Forebrain-Specific Neuronal Inhibition of Nuclear Factor-κB Activity Leads to Loss of Neuroprotection

Abstract

The transcription factor Rel/nuclear factor (NF)-κB is known for its fundamental role in regulating immune and inflammatory responses. In the brain, constitutive NF-κB activity has been detected exclusively in neurons, and a large diversity of stimuli have been reported to induce NF-κB activity. Yet the function of this transcription factor in the nervous system remains unclear, and its role in neuroprotection or neurodegeneration is open to debate. Recently it was suggested that κB-driven gene expression in neurons is controlled by Sp1-like factors.
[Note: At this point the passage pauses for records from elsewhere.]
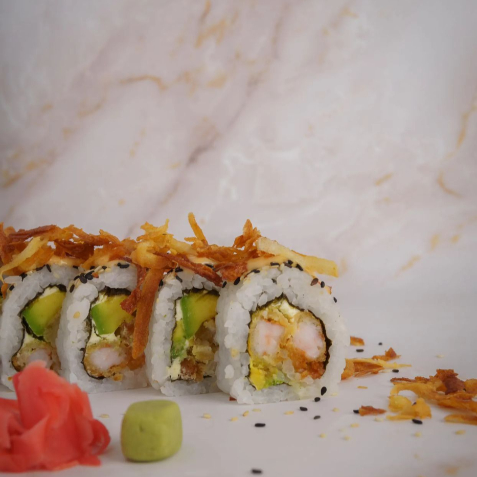 1O BOCADOS DE SUSHI , CON QUESO CREMA AGUACTE CAMARON CROCANTES , AJONJOLI , TOPPING DE MAYOSIRASHA , Y YUCA CROCANTE
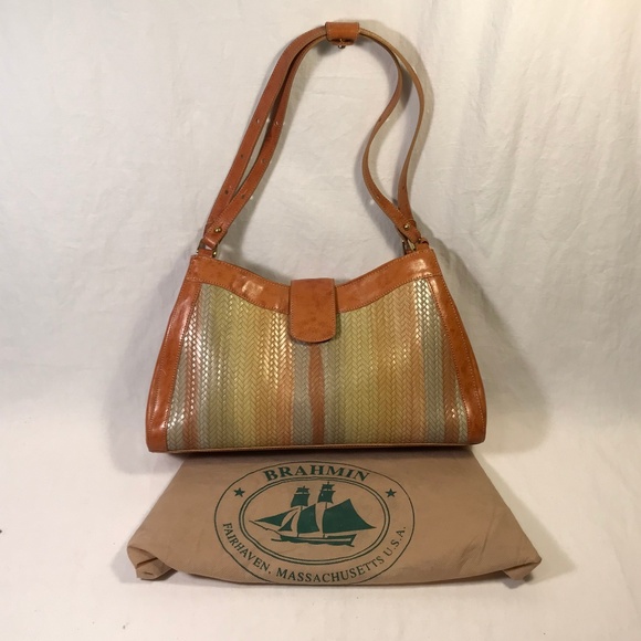 Brahmin Multicolor Woven Tan Leather
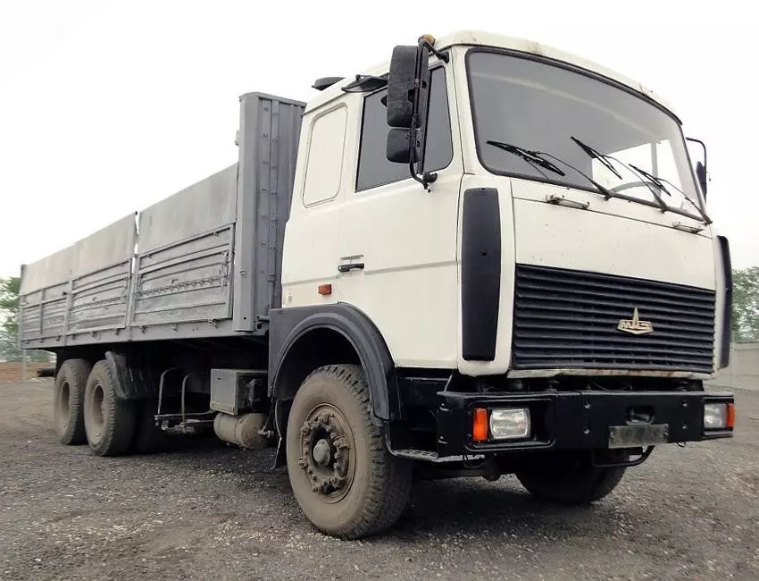 Одним из них является грузовой автомобиль МАЗ-6303, имеющий бортовую грузовую платформу и трехосное шасси с колесной формулой 6х4. Стоит отметить, что данная модель разрабатывалась с учетом европейских требований, поэтому МАЗ-6303 отличался от своих предшественников множеством новых решений и продуманной конструкцией. Еще одним показателем успеха стало то, что автомобиль позже послужил базой для создания более современных модификаций трехосных большегрузов.
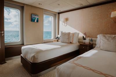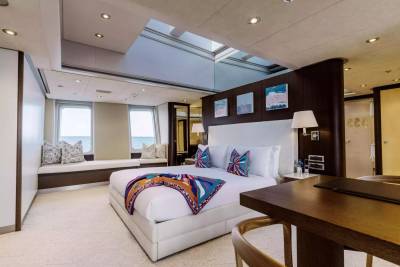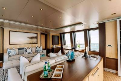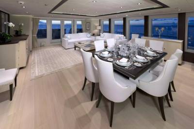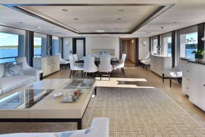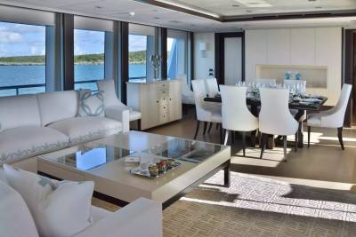 Relax or dine with friends and family in the main salon of the yacht Bella, surrounded by large windows that offer breathtaking views and fill the space with natural light. This spacious and elegantly furnished salon is perfect for socializing, dining, or simply unwinding in luxury.

To clarify such controversy, we have characterized here a novel mouse model in which the entire NF-κ B-dependent transcriptional response is abolished in the forebrain. Calcium-calmodulin-dependent kinase II α promoter-driven tetracycline transactivator was used for regulated expression of a transdominant negative mutant of inhibitor κBα (super-repressor) together with a green fluorescent protein tracer. Inhibition of expression of a κB-dependent lacZ transgene was shown in triple transgenic mice, which correlated with the loss of κB-specific DNA binding. In transgenic organotypic hippocampal slice cultures, expression of the super-repressor led to strong cell death after neurotoxic insults. These data demonstrate for the first time that neuron-restricted ablation of NF-κB-driven gene expression increases neurodegeneration. This might lead to the path for new treatments of neurodegenerative diseases.